As illustrated in FIGS. 3 and 4, respirator 10 may be quickly and efficiently converted from its folded, pocket carrying configuration for wearing by opening edges 28 and 30, placing the opening over the nose, mouth and chin, slipping headbands 32, 34 over the head and shaping chevron 36 against the nose.
In FIG. 5, a schematic of layered materials illustrates, in cross-section, the final orientation of materials used in webs 14 and 16 of respirators according to the invention. In fabrication, the plies constituting the right side of the mask are die cut to shape and are superimposed on the plies constituting the left side of the mask in reverse of the sequence shown in FIG. 5, i.e., with support layers 15 in a facing relationship as shown in FIG. 2. The edges of all eight plies are then stitched together to form the vertical seam 25 and foam strip 39 is attached. The whole body of the respirator is then turned inside-out and edges 28 and 30 are then each separately wrapped with a binder material 38 and individually stitched through the binder strip.
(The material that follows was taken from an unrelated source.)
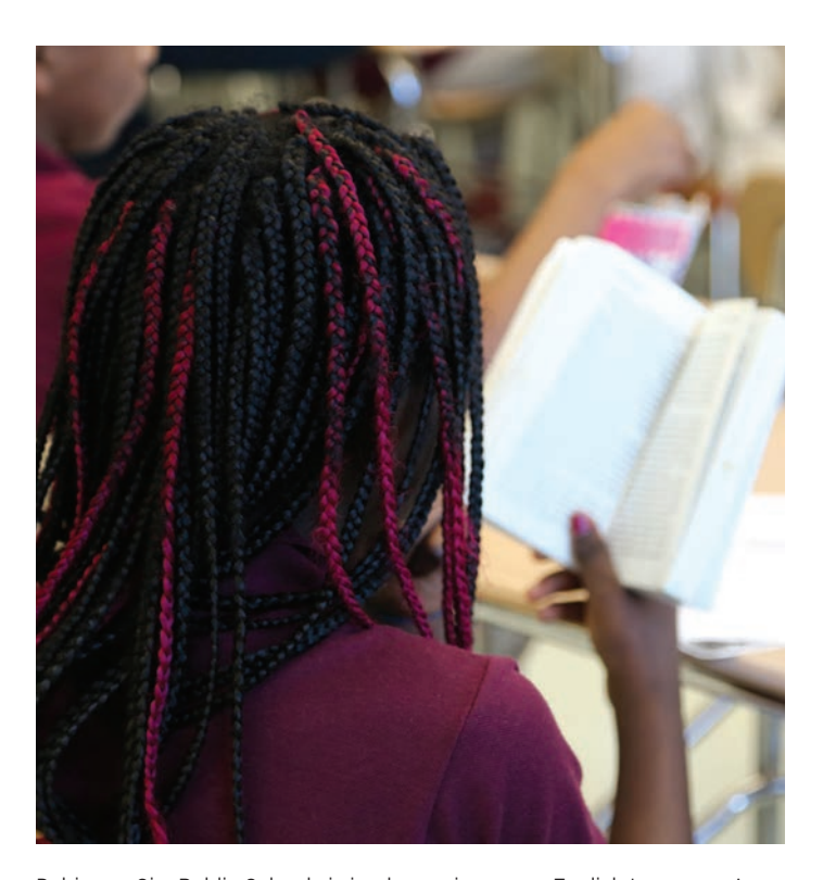
Baltimore City Public Schools is implementing a new English Language Arts curriculum that raises the bar for both rigor and cultural relevance.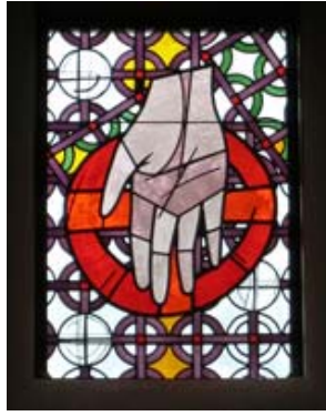
Hand of God

I am humbled to have the opportunity to journey with you through the Lenten season this year; and in person! Lent is a favorite liturgical time for me; I love the darkness, the quiet, the invitation to walk with Jesus into the wilderness in solitude. Perhaps that is why I have always been drawn to times of retreat, especially at Mercy by the Sea, where I can bask in quiet contemplation and prayer.

The vertical seam of the respirator described herein has been found to be significantly superior to fold-flat respirators having horizontal seams, as exemplified by that disclosed in U.K. Pat. No. 1,588,442, in terms of its ability to conform to the contours of the user's face. That advantage, in turn, provides a superior seal with the face and superior comfort.
Those skilled in the art will readily appreciate that there are various other modifications and adaptations of the precise forms of the invention here shown which may suit particular requirements. Accordingly, the foregoing illustrations are not to be interpreted as restrictive of the invention beyond that necessitated by the following claims.